**ASSIGNMENT**
Return only the lines below starting at the line containing "불일폭포를 바라보는 지점에서" and ending at the line containing "为提高辖区群众尤其是青少年的", both included, exactly as they are and with no pictures.

**GIVEN ENTRIES**

|---|

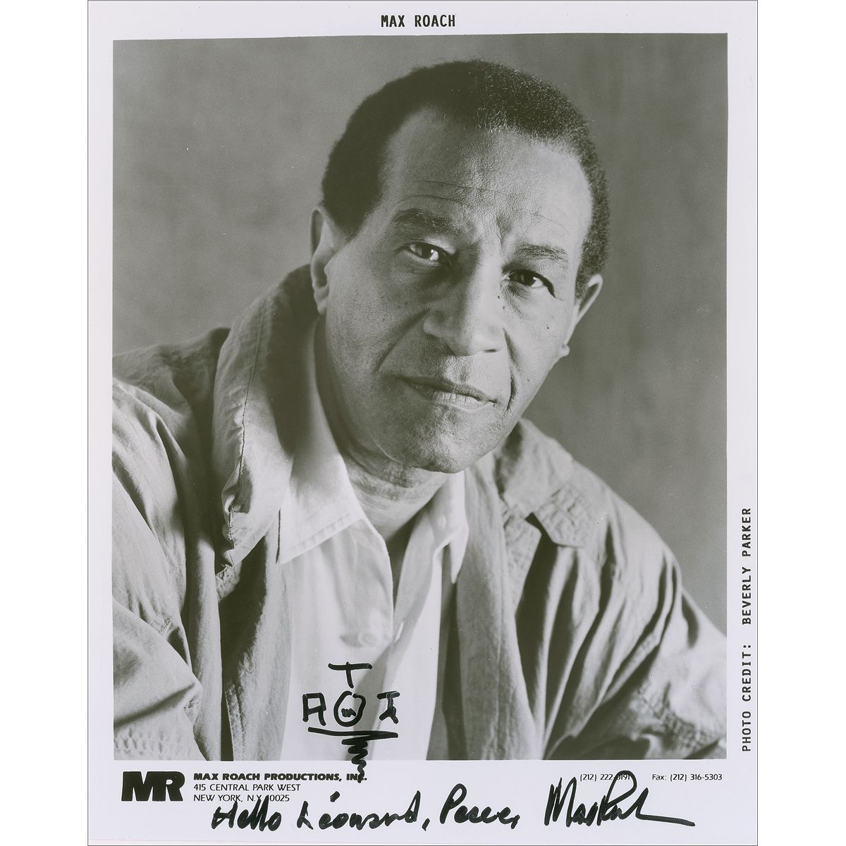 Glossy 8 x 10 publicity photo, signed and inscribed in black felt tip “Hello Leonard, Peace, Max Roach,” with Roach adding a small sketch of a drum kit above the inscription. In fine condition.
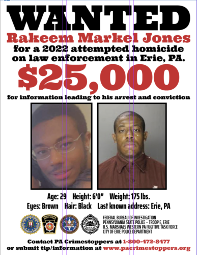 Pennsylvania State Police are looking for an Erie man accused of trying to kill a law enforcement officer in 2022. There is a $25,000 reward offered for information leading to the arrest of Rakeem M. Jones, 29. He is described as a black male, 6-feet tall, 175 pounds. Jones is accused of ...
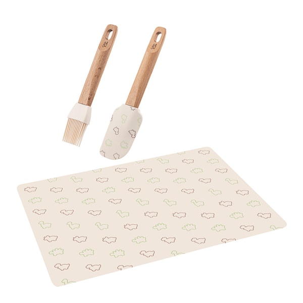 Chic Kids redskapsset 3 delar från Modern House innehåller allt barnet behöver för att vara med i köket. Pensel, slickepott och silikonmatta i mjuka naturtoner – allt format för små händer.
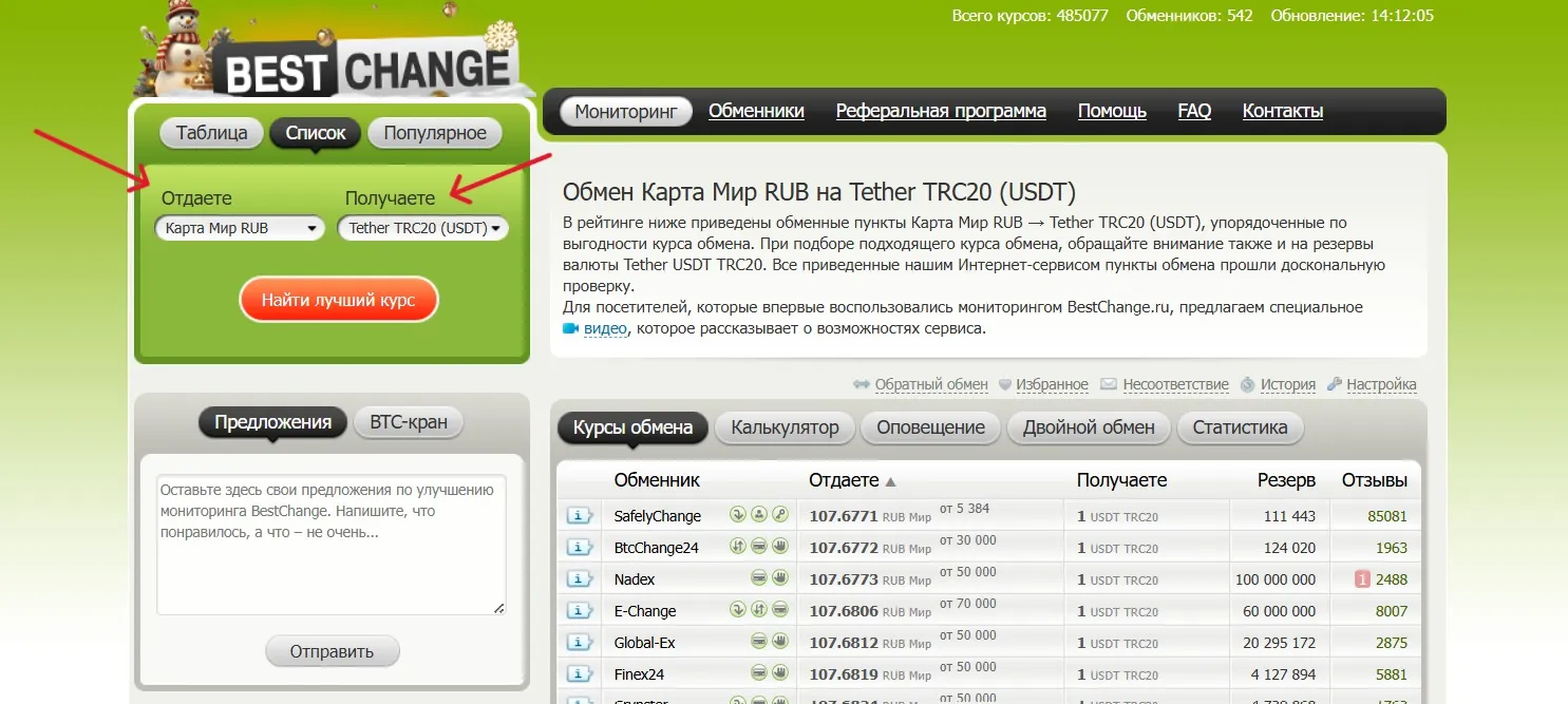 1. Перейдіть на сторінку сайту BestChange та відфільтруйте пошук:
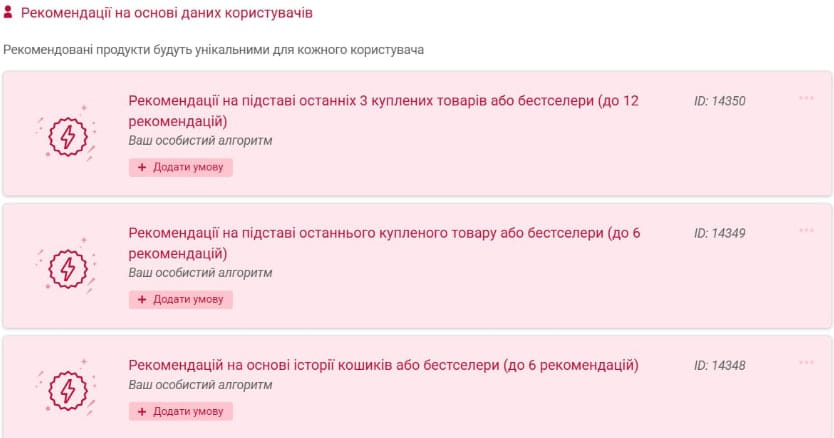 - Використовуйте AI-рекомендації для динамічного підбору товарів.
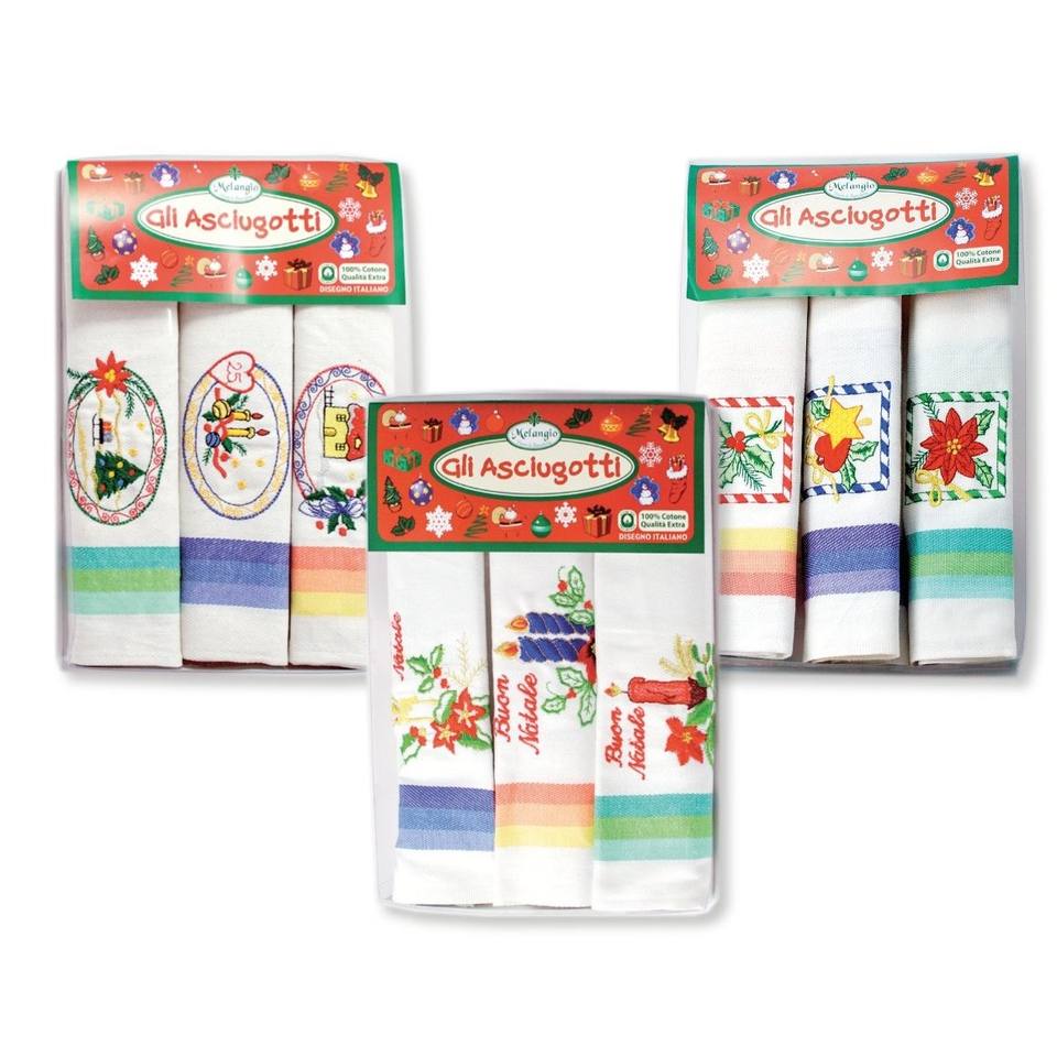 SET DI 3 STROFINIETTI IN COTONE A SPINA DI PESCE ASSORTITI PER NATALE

|---|

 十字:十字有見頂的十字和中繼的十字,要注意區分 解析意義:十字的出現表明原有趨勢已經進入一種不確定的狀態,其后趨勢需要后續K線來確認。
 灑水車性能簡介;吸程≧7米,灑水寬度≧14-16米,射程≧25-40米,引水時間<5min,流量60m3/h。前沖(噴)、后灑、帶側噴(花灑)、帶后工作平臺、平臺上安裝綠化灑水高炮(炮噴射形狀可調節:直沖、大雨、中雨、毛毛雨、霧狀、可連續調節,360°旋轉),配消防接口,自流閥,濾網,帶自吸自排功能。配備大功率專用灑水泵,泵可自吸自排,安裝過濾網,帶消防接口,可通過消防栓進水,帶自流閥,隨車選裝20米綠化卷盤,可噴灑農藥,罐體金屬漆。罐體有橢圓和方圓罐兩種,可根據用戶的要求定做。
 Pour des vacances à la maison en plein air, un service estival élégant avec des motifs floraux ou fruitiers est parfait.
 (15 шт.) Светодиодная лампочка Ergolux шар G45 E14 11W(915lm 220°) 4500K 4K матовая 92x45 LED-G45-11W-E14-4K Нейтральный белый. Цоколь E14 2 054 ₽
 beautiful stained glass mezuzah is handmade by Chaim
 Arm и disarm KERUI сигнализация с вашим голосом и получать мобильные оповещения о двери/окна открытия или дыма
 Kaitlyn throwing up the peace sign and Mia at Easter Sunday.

|---|

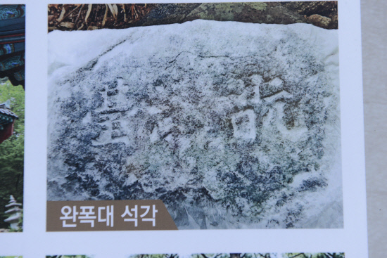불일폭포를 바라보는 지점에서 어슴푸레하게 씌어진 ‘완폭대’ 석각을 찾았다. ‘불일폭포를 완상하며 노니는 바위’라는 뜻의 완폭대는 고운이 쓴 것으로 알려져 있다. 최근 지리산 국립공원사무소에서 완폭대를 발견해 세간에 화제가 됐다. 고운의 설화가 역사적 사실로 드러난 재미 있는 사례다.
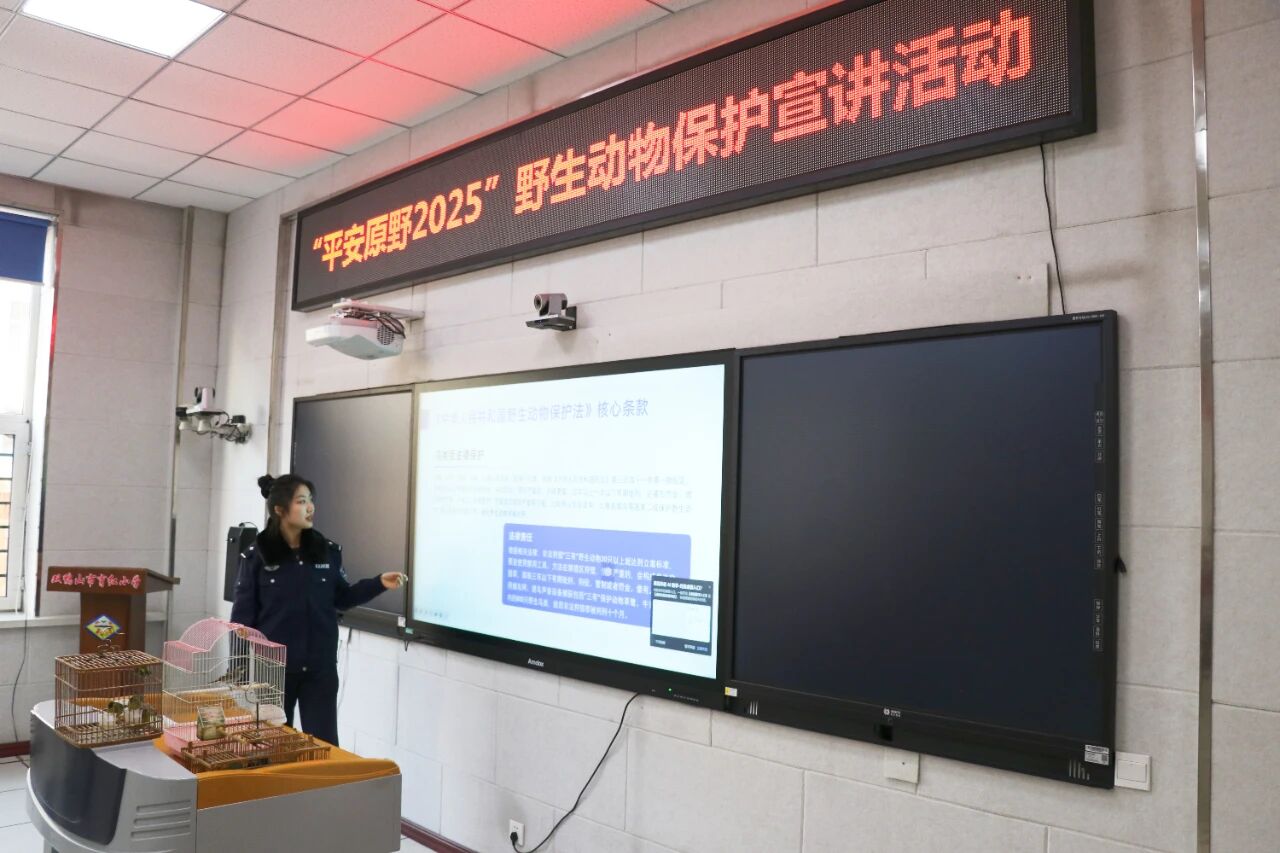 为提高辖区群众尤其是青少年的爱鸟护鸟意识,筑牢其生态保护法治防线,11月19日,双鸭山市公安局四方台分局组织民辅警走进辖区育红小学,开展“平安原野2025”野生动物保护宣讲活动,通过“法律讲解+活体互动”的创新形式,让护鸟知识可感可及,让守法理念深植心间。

|---|

**TASK RESULT**
불일폭포를 바라보는 지점에서 어슴푸레하게 씌어진 ‘완폭대’ 석각을 찾았다. ‘불일폭포를 완상하며 노니는 바위’라는 뜻의 완폭대는 고운이 쓴 것으로 알려져 있다. 최근 지리산 국립공원사무소에서 완폭대를 발견해 세간에 화제가 됐다. 고운의 설화가 역사적 사실로 드러난 재미 있는 사례다.
 为提高辖区群众尤其是青少年的爱鸟护鸟意识,筑牢其生态保护法治防线,11月19日,双鸭山市公安局四方台分局组织民辅警走进辖区育红小学,开展“平安原野2025”野生动物保护宣讲活动,通过“法律讲解+活体互动”的创新形式,让护鸟知识可感可及,让守法理念深植心间。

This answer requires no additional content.